# maybe the end



## bluemini (Dec 8, 2011)

So you may know about my loss of rabbits last year,over 12 purebred(most with pedigrees)rabbits which were lops and mini rex's ,and one had won 4 legs in show ..GC!.  Well the same dogs that killed them still run loose and animal control wont do anything really here  , so I will just hvae to dog proof !


 I have 5 huge outdoor pens that the neigbor gave me ,he used for chickens . Well the dogs grabbed the last chicken I had through the wires this past summer !  So how can I fix the pens,I was thinking add some more wire on the sides and bottoms ? They are well constructed pens but dont have flooring(so they can eat grass etc.) .   


 Before my huge loss I had cages outside,and will NOT be doing that again !  They will be in the building this time,but last time it was being used for storage so couldnt at the time .


  And anyone have any cage plans that are mainly wood ?


----------



## goodhors (Dec 8, 2011)

How about a perimeter fence (chain link or small sqares), with dog proof gates, around your yard?  
Probably want at least 5ft tall, 6ft would be better.  Then set up the pens inside that fencing to 
contain the animals and birds.  Sometimes that is all that will work.  Craigslist might find some used
fence at a cheaper price.

Kind of a layering effect of protection.

If located in the country, you ARE allowed to shoot marauding dogs that chase or kill livestock.  I would keep that
removal part to myself, just make them disappear.  Locally called the Three S program.  Sorry about your 
local politics and no response.  Our local AC is quite responsive to calls.

..


----------



## flemish lops (Dec 8, 2011)

Sorry for your loss 

This may sound silly but you could try throwing a few chocolate bars out in the yard.

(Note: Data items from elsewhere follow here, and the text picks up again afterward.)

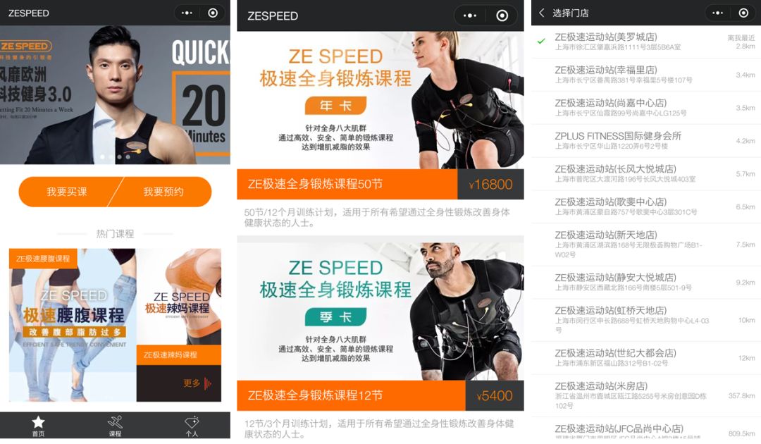 现如今,健身微信小程序已经流行起来。会员可以在微信小程序,预订老师课程、了解课程信息,分享拼团课程等;与此同时,也有很多健身品牌开始拓展更多的健身场景——例如ZESPEED 推出便携式EMS设备,将其服务从商用场景延伸进家用场景里,充分利用会员的碎片化时间进行健身。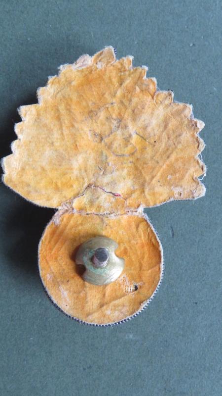 gold wire embroidered and silvered metal center badge in very good condition..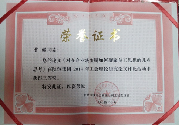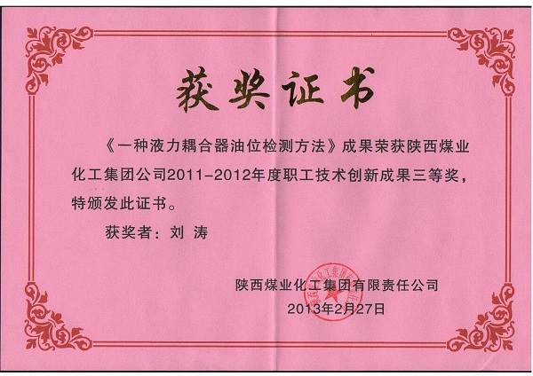 陜煤化職工技術(shù)創(chuàng)新成果三等獎(jiǎng)

Chocolate, I heard,  is toxic to dogs and might get rid of them.


----------



## bluemini (Dec 8, 2011)

flemish lops said:
			
		

> Sorry for your loss
> 
> This may sound silly but you could try throwing a few chocolate bars out in the yard. Chocolate, I heard,  is toxic to dogs and might get rid of them.


Well my pitbull ate a hershey bar when she was a pup and lived lol and thank you  .


----------



## bluemini (Dec 8, 2011)

goodhors said:
			
		

> How about a perimeter fence (chain link or small sqares), with dog proof gates, around your yard?
> Probably want at least 5ft tall, 6ft would be better.  Then set up the pens inside that fencing to
> contain the animals and birds.  Sometimes that is all that will work.  Craigslist might find some used
> fence at a cheaper price.
> ...


Well I have a fence but they jump it and find ways ,plus the back hillside/mountain isnt all the way fenced because it would take too much to fence it all  .  They are supposed to have the dogs on chains but they are still out runing around ,one dog almost bit me in the snow and theya re always attacking my outside dog  .

 Well the one who gave me the pens shot some dogs because of the same problem  .     But when something happens around here ,word spreads and owners get mad .    Our AC is over an hour away and wont make the trip just to pick up a dog or leave a trap .

one person left a dog here to have 4 litters of pups,took a year for them to come get her,the pups and some male dogs with her !


----------



## bluemini (Dec 8, 2011)

I found a role of chicken wire the other day for $8 at the local store,would that work ? The pens  are made of wire that looks like rectangles,i dont know the name but I can take pics tomarrow and post .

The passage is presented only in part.